Listed below are the outcomes:

How varied LLMs fared on extracting structured information from textual content.
Sharon Machlis
I used to be shocked {that a} native mannequin, Gemma, scored 100%. I wished to see if that was a fluke, so I ran the eval one other 17 occasions for a complete of 20. Weirdly, it missed on two of the 20 primary extractions by giving the title as “R Bundle Growth” as a substitute of “R Bundle Growth in Positron,” however scored 100% on the extra complicated ones. I requested Claude Opus about that, and it mentioned my “simpler” activity was extra ambiguous for a much less succesful mannequin to grasp. Vital takeaway: Be as particular as potential in your directions!

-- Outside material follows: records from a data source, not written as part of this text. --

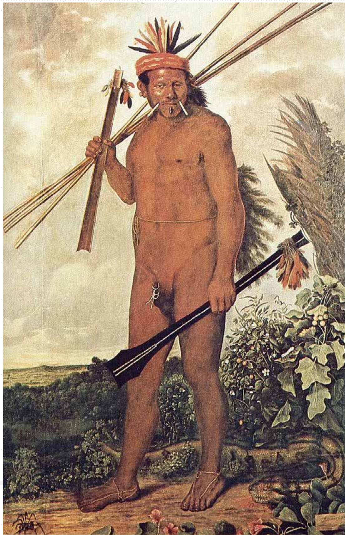
Figura 3: Hombre Tapuya (1641), de Albert Eckhout. óleo sobre tela, 272 x 161 cm. Fonte: https://pt.wikipedia.org/wiki/Albert_Eckhout

Vale ressaltar como já foi apontado que, talvez, o termo "retrato" não seja o mais adequado para se referir às imagens de González Palma, "(cuja) finalidade não é representar os indivíduos tal qual eles são; mas sim, como imitações de personagens arquetípicos da mitologia, da cultura popular e/ou da imaginação poética do artista" (CASTRO R, sd). No entanto, prefiro usar provisoriamente este termo porque a utilização do gênero retrato permite ao artista indagar sobre o impacto do olhar etnográfico a nível cultural e subjetivo e, ao mesmo tempo, sobre a extensa tradição visual que, a partir do século XVII, começa a ser articulada justamente por meio de versões etnográficas do retrato (BRIENEN, 2006).
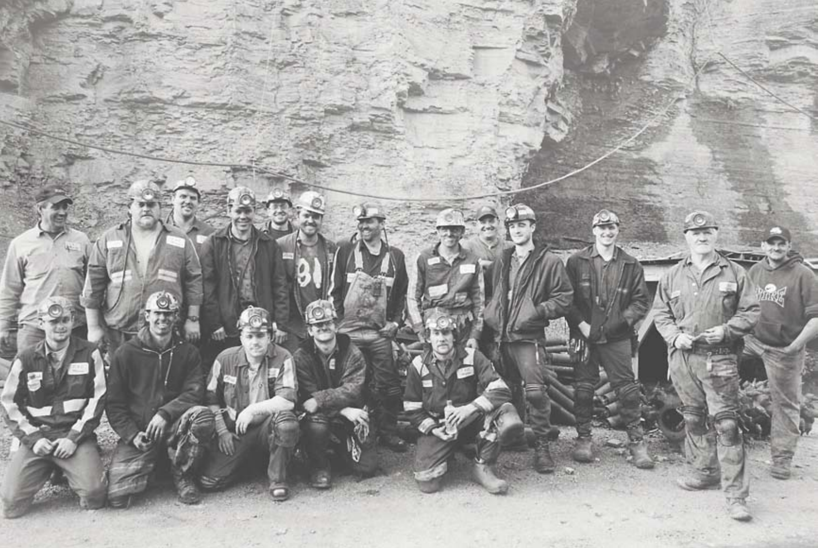
Gruppfotot är från 2006, men skulle lika gärna ha kunnat vara 50 år gammalt. Inte mycket har förändrats i den lilla staden S:t Charles och Hannah arbetade mycket med att fånga känslan av tidlöshet i bilderna.

aktig hinna över en del av bilderna. Egentligen är det bara kläderna som avslöjar att bilderna inte är tagna för länge sedan.
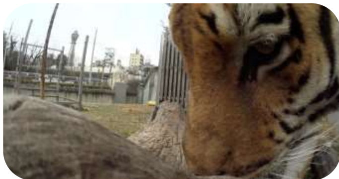
360度カメラで撮影したアムールトラの表情
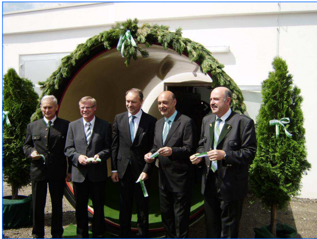
Eröffnungsfeier Opening ceremony
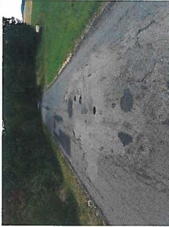
Silnice III/2784 Starý Dub – Světlá, Rekonstrukce silnice
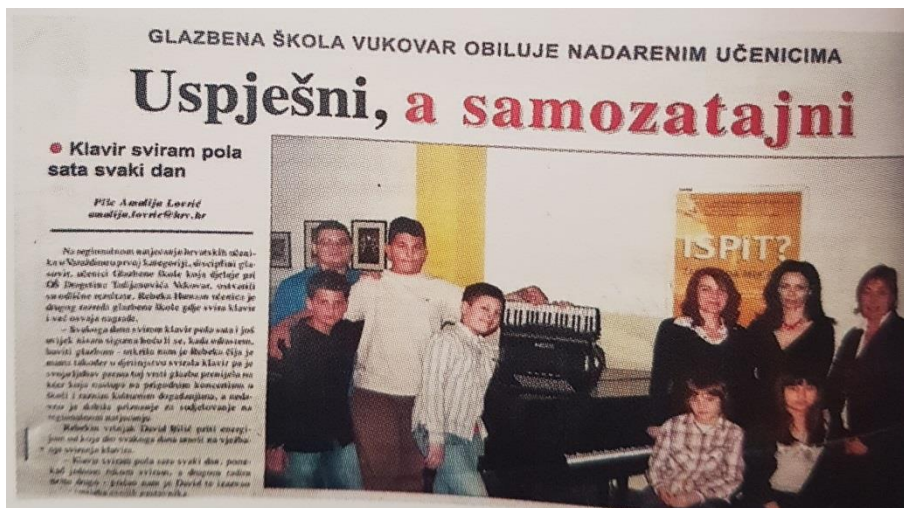
Slika 6. Vukovarske novine izdane 2007. godine

U Školskoj 2010./2011. godini upisano je sto osamdeset učenika koji su pohađali nastavu klavira, gitare, harmonike, tambure, violine, flaute te suvremenog plesa. Postavljena je opet nova postava novih nastavnika. Učenici su kao i do sada, postizali sjajne uspjehe te održavali brojne koncerte, sudjelovali na manifestacijama, pjevali na koncertima i natjecanjima, osvajali nagrade u raznim kategorijama. Školska godina 2011./2012. Brojila je sto osamdeset i jednog upisanog učenika te također novi zaposlenici koji su podučavali učenike suvremenom plesu, tamburama te violini. Održali su se brojni koncerti, Božićni koncert, godišnji koncert. U glazbenoj školi, rad je bio težak te prostorije koje su nedostajale bile su najveći cilj škole. Školske 2012./2013. Godine, upisano je dvjesto učenika u Glazbenu školu, zaposleni novi nastavnici gitare i violine. Glazbena škola, tada je već nakon dugog niza rada sa učenicima postigla sjajne rezultate i postignuća te ostvarila određeno iskustvo te znanje u radu sa učenicima i svladavanju prepreka koje su se našle pred njom. U idućim godinama, sve do školske godine 2016./2017. Glazbena škola, napredovala je, svake godine broj upisanih učenika rastao je sve do dvjesto četrdeset učenika što je veliki napredak i postignuće pogledamo li prvu godinu rada te broja upisanih učenika davne 1999. godine. Glazbena škola, konačno je dobila sjaj svojih prostorija, dvorane te dovoljan broj nastavnika.
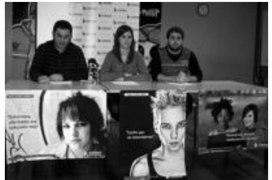
Aralar alderdiko Iratzarri gazte erakunde kideak.

Azken atxiloketak hizpide Atxiloketak «onarte zintzat» jo ditu Iratzarrik. Horrekin batera, bihar Iruñean egingo den manifestaziora joatea eskatu dute.
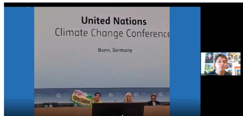
ユニセフの若者気候変動アドボケイトとして 国連の気候変動カンファレンスに参加した話
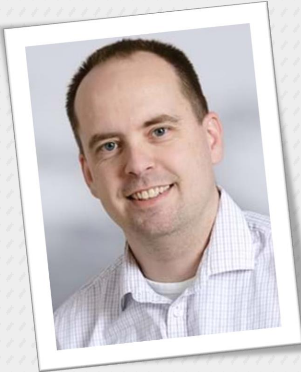
Chefkonsulent Dansk Industri

Nonetheless, Gemma’s outcomes have been ok on this activity for me to think about testing it on some real-world entity extraction duties. And I wouldn’t have recognized that with out working automated evaluations on a number of native LLMs.
Conclusion
For those who’re used to writing code that offers predictable, repeatable responses, a script that generates totally different solutions every time it runs can really feel unsettling. Whereas there are not any ensures relating to predicting an LLM’s subsequent response, evals can improve your confidence in your code by letting you run structured checks with measurable responses, as a substitute of testing through handbook, ad-hoc queries. And, because the mannequin panorama retains evolving, you’ll be able to keep present by testing how newer LLMs carry out—not on generic benchmarks, however on the duties that matter most to you.